Task directions ▸
All that is wanted is the line with "La edición 2008" and each line after it to the end of the data below, set down exactly and without pictures.

Supplied data below:

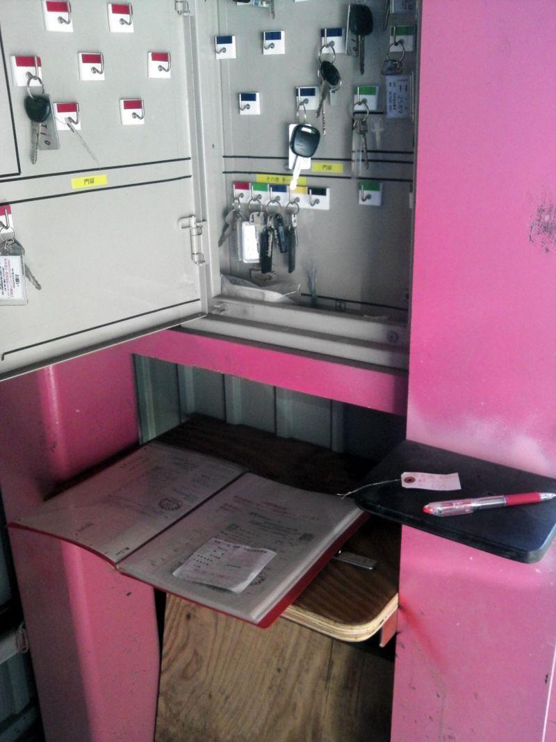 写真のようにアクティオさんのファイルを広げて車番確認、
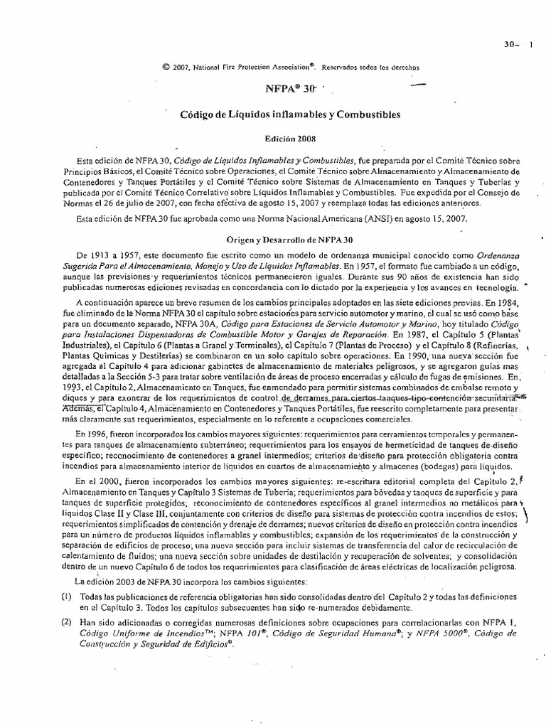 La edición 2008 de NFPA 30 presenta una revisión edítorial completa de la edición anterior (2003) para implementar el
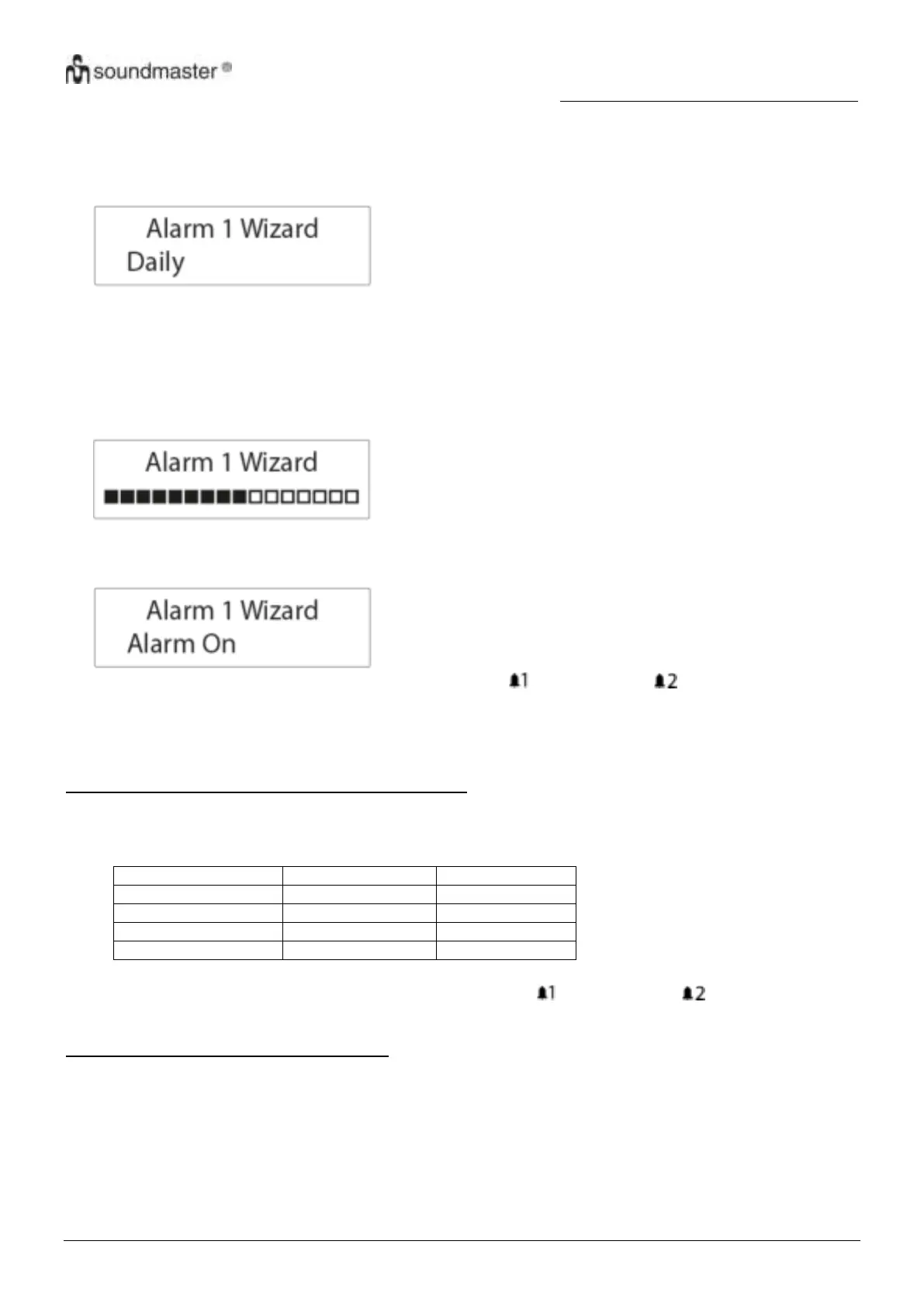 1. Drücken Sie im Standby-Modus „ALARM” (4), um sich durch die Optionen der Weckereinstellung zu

End of Supplied data.

Response below ▸
 La edición 2008 de NFPA 30 presenta una revisión edítorial completa de la edición anterior (2003) para implementar el
 1. Drücken Sie im Standby-Modus „ALARM” (4), um sich durch die Optionen der Weckereinstellung zu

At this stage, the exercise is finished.